__EXERCISE DETAILS__: Filter on the word "most": copy each matching line from the listing below.

__DATA TO USE__:

★ ★ ★ ★

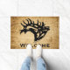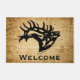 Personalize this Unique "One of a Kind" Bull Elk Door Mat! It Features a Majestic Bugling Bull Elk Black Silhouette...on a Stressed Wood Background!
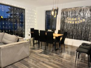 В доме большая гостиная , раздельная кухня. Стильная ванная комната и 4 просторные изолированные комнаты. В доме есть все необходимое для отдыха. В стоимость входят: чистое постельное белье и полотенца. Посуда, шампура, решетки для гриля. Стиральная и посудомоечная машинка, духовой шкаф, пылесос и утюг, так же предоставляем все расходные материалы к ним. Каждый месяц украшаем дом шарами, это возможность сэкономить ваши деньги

★ ★ ★ ★

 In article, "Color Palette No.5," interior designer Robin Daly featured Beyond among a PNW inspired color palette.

★ ★ ★ ★

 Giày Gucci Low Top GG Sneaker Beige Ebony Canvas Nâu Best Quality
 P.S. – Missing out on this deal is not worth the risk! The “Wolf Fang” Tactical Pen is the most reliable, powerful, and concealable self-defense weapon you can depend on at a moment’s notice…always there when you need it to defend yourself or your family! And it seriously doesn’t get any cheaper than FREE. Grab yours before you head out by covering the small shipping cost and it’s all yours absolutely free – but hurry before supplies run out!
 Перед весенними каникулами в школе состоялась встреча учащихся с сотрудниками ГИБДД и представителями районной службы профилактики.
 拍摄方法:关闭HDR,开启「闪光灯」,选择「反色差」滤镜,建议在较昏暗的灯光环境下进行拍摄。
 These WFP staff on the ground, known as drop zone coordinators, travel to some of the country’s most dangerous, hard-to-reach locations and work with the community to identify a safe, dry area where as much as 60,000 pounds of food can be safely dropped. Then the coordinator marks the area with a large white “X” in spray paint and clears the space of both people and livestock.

★ ★ ★ ★

__YOUR RESPONSE__:
 P.S. – Missing out on this deal is not worth the risk! The “Wolf Fang” Tactical Pen is the most reliable, powerful, and concealable self-defense weapon you can depend on at a moment’s notice…always there when you need it to defend yourself or your family! And it seriously doesn’t get any cheaper than FREE. Grab yours before you head out by covering the small shipping cost and it’s all yours absolutely free – but hurry before supplies run out!
 These WFP staff on the ground, known as drop zone coordinators, travel to some of the country’s most dangerous, hard-to-reach locations and work with the community to identify a safe, dry area where as much as 60,000 pounds of food can be safely dropped. Then the coordinator marks the area with a large white “X” in spray paint and clears the space of both people and livestock.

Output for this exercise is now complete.